China will not enjoy such privileges for much longer. As it begins to form the Overland Silk Route in Central Asia and becomes ever more tied to the Middle East, security risks that threaten this ambitious plan will become more salient.  The security implications of the push west, both domestic and foreign, is debated within China’s strategic community, especially in light of reports that ISIL’s ranks now include a small contingent of Chinese citizens who may one day return home.

Beijing knows that as it grows in power, more and more actors will expect it to become a security provider.  Beijing will remain hesitant to take on such a role, but nevertheless is developing an ability to project power in West Asia.  The People’s Liberation Army-Navy (PLAN) has maintained ships near the Horn of Africa to conduct anti-piracy operations and provide protection for Chinese commercial vessels operating in that area.  This has proved China’s capability to operate far from its near seas.  Port visits in the Persian Gulf and South Asia by PLAN vessels have also increased.  Analysts expect the PLAN to increase its presence in these regions even further.

The rise of ISIL presented an opportunity for China to cooperate with a large international coalition and to stake out its position in a region critical to its future.  China let the opportunity pass.  Instead, it calls for the continuation of Assad’s regime until a political settlement is reached.  Save the support of Iran and Russia, this position is opposed by much of the international community due to Assad’s extreme tactics and refusal to engage in dialogue with the opposition.  China, by following its traditional preference for political continuity and avoiding foreign conflicts, has hurt its brand in the Middle East, annoyed many in the international community, done nothing to combat ISIL, and positioned itself as a core supporter of the Assad regime.
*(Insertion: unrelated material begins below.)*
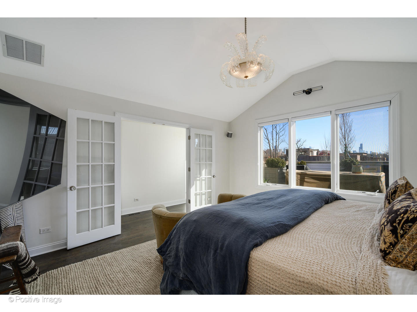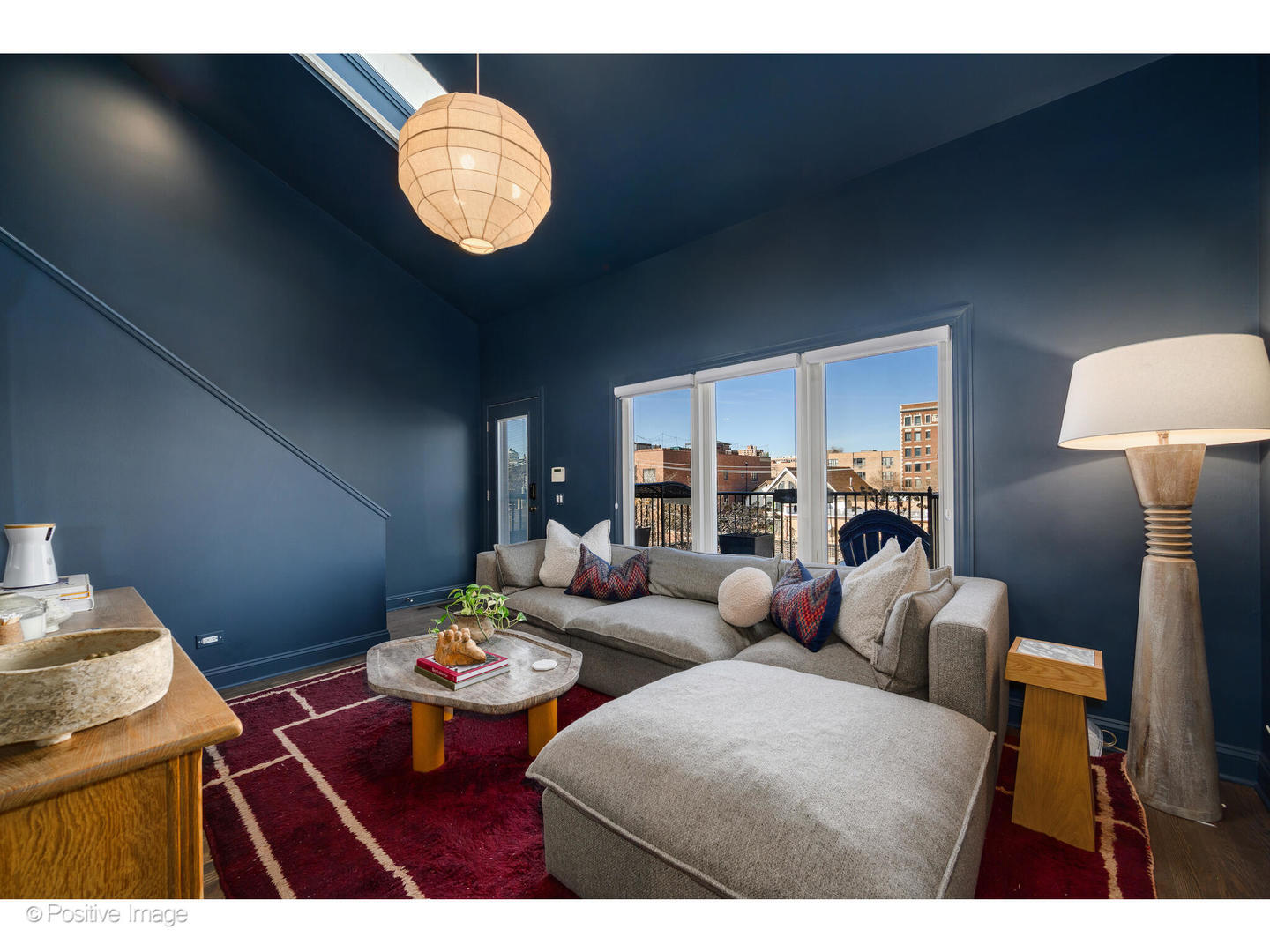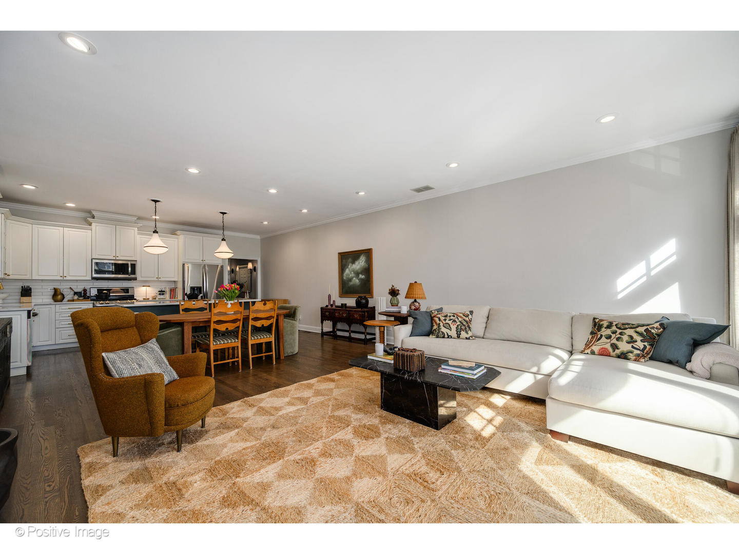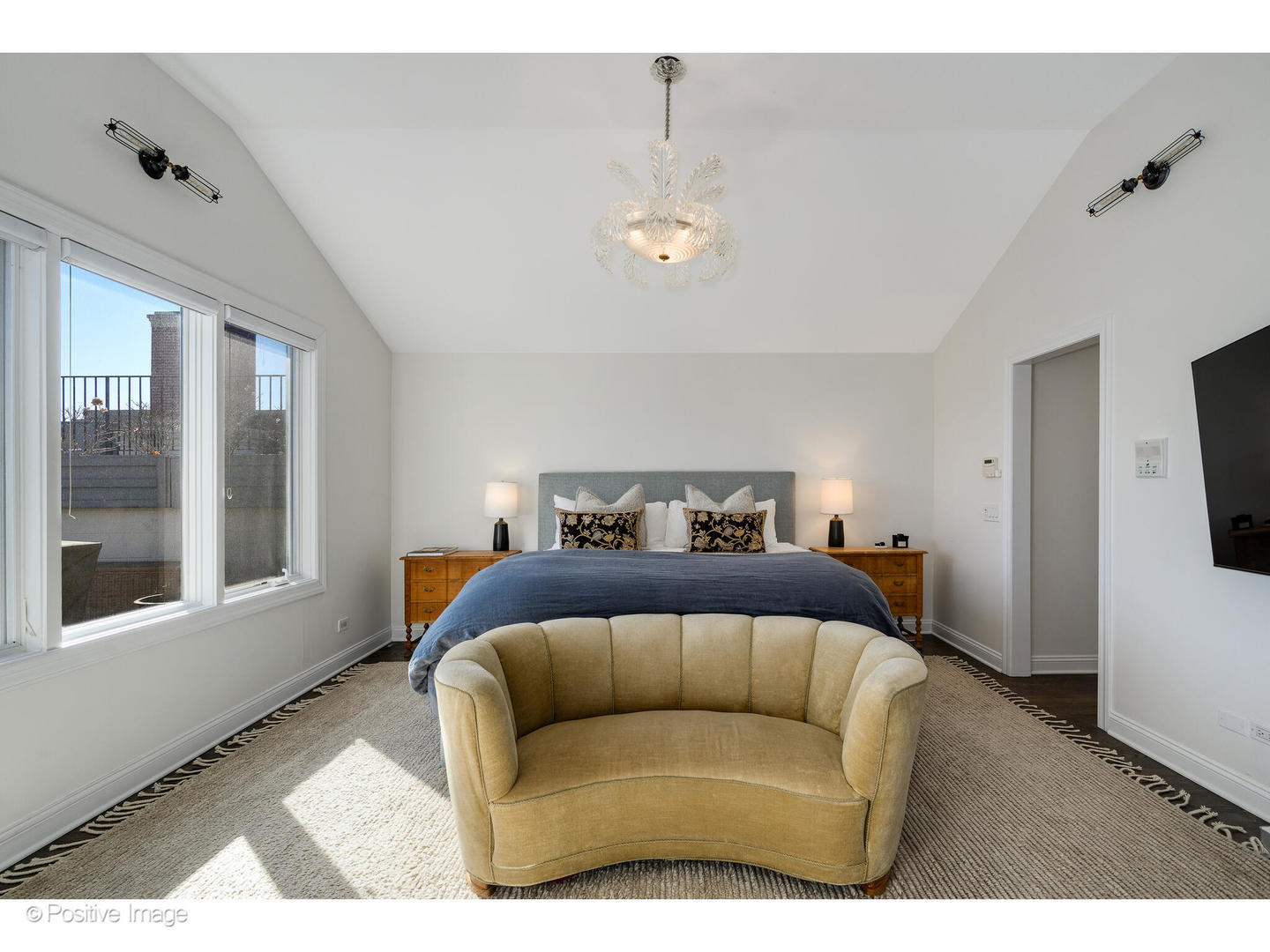 This is a rare opportunity to own an extra-wide Lincoln Park duplex-up in one of Chicago's most coveted neighborhoods, set on a quiet, tree-lined street with incredible outdoor space! Originally built by Environs, this three-bedroom, two-bath residence lives like a single-family home, offering exceptional width, soaring ceilings, and thoughtfully curated designer finishes throughout. The main level greets you with a sun-filled, open-concept living and dining space anchored by a fireplace framed in Calacatta Viola marble. The kitchen is designed for both everyday living and entertaining, featuring quartz countertops, an oversized island with bar seating, Rejuvenation hardware, Newport Brass faucet, and Visual Comfort pendant lighting. Rich hardwood floors run throughout, enhancing the home's timeless yet contemporary aesthetic. Two main-level bedrooms provide flexible living options. The chic first bedroom boasts a spacious walk-in closet and Soho Home light fixture, while the second features vaulted ceilings and a more intimate, design-forward atmosphere - ideal as a guest room, office, or den - with direct access to a private secondary balcony. An updated hall bath and abundant storage complete the level. Upstairs, the primary suite offers a serene retreat with vaulted ceilings and skyline views. The spa-inspired bath is appointed with dual vanities featuring Rejuvenation mirrors, a soaking tub, and a separate walk-in shower, along with generous built-in storage. A substantial walk-in closet, laundry area, and additional storage complete this private level. The fabulous expansive rooftop terrace is accessible from the second floor without passing through the primary bedroom. With sweeping skyline views, a built out outdoor kitchen, dedicated lounge and dining areas, a built-in irrigation system, and a retractable roof, this space is an urban oasis designed for seamless indoor-outdoor entertaining. One garage parking spot included with communal storage located above garage! Just steps from the dining, shopping, and neighborhood amenities along Clark, Broadway and Halsted, easy public transit, and PK-8 Alcott College Prep, this design-forward residence combines scale, style, and exceptional outdoor living in the heart of Lincoln Park!

China has some decisions to make.  It cannot claim that it is a developing economy that bears no responsibility for stability outside its borders.  Rather, it is a global actor with an increasing international footprint.  Other powers will expect China to be involved in global crises and that expectation, even when it is not the preference of China itself, will either force it to pick sides or have its side determined by others.

 

Jeffrey Payne is the Manager of Academic Affairs at the Near East South Asia Center for Strategic Studies in Washington, DC. The views expressed in this article are his alone and do not represent the official policy or position of the National Defense University, the Department of Defense, or the U.S. government.